You can think of the functionality as setting MPROT_NONE but for a few
bytes only using watchpoints. On the access the accessing thread
should receive a signal (similar to SIGSEGV). Kernel copy_to/from_user
should not be affected (no EFAULT), I think this is already satisfied
for watchpoints. This functionality is also intended for production
environments (if you are interested -- for sampling race detection),
number of threads in the process can be up to, say, ~~10K and the
watchpoint is intended to be set for a very brief period of time
(~~few ms).
This can be done today with both perf_event_open and ptrace.
However, the problem is that both APIs work on a single thread level
(? perf_event_open can be inherited by children, but not for existing
siblings). So doing this would require iterating over, say, 10K
threads, calling perf_event_open, F_SETOWN, F_SETSIG, later close and
consuming 40K file descriptors.
What I would like to have is a single syscall that does all of it for
the whole process (either sending IPIs to currently running siblings,
or maybe activating this only on the next sched in).
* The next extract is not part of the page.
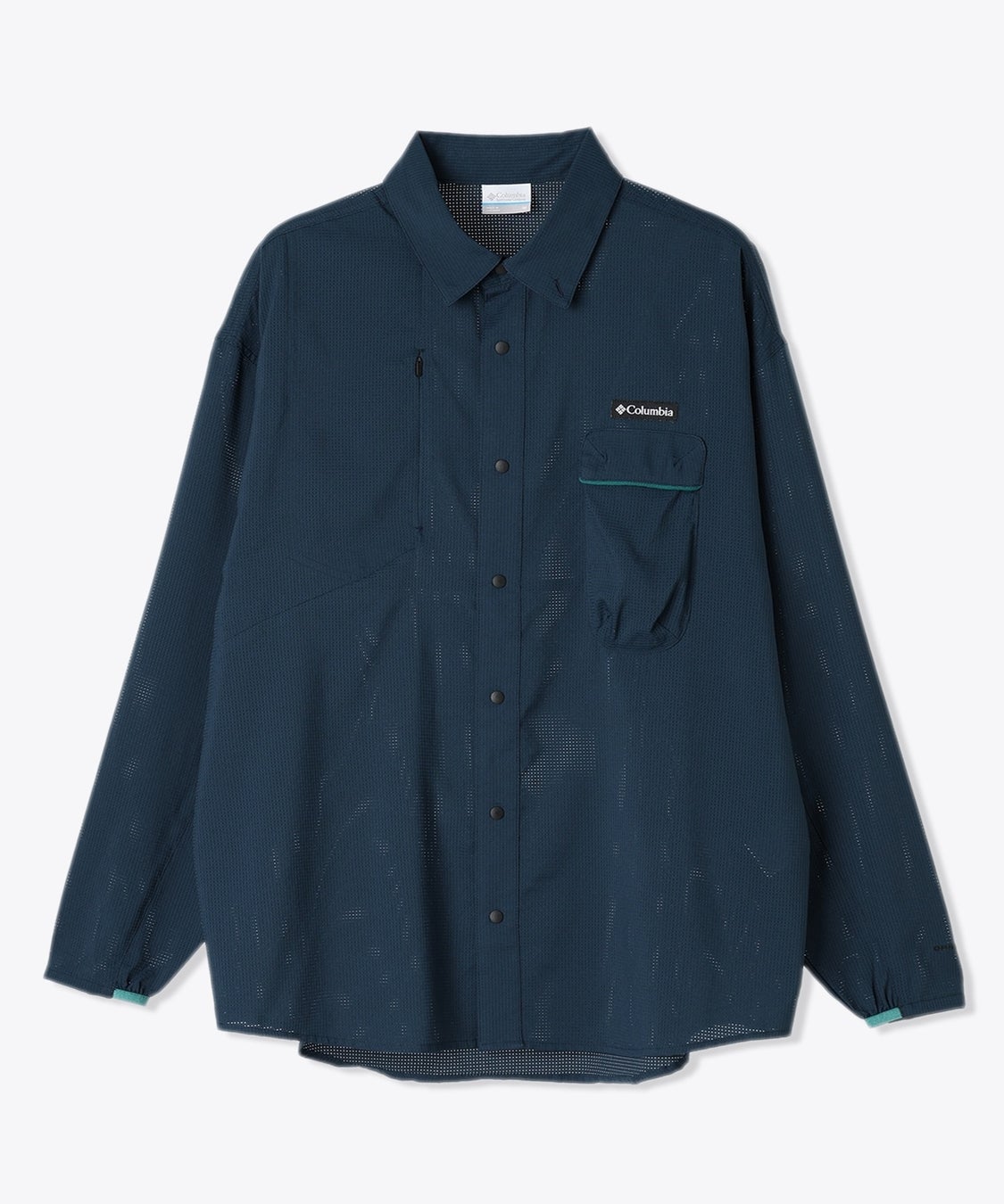 冷却機能「オムニフリーズゼロ」と汗を素早く吸収して乾かす吸湿速乾機能「オムニウィック」を備え、縦横に伸びるストレッチ性を備えた生地には、極小の通気孔を設けているので汗をかきやすい運動時に優れたベンチレーション機能を発揮し、夏山登山を快適にする一枚になっています。

I see at least one potential problem: what do we do if some sibling
thread already has all 4 watchpoints consumed? We don't necessarily
want to iterate over all 10K threads synchronously, nor we even want
to fail in this case. The intended use case is that only this feature
will mostly use watchpoints, so all threads will have equal number of
available watchpoints. So perhaps the removal of the watchpoint could
just communicate that there were some threads that were not able to
install the watchpoint.
Does it make any sense? How feasible/complex to add it is?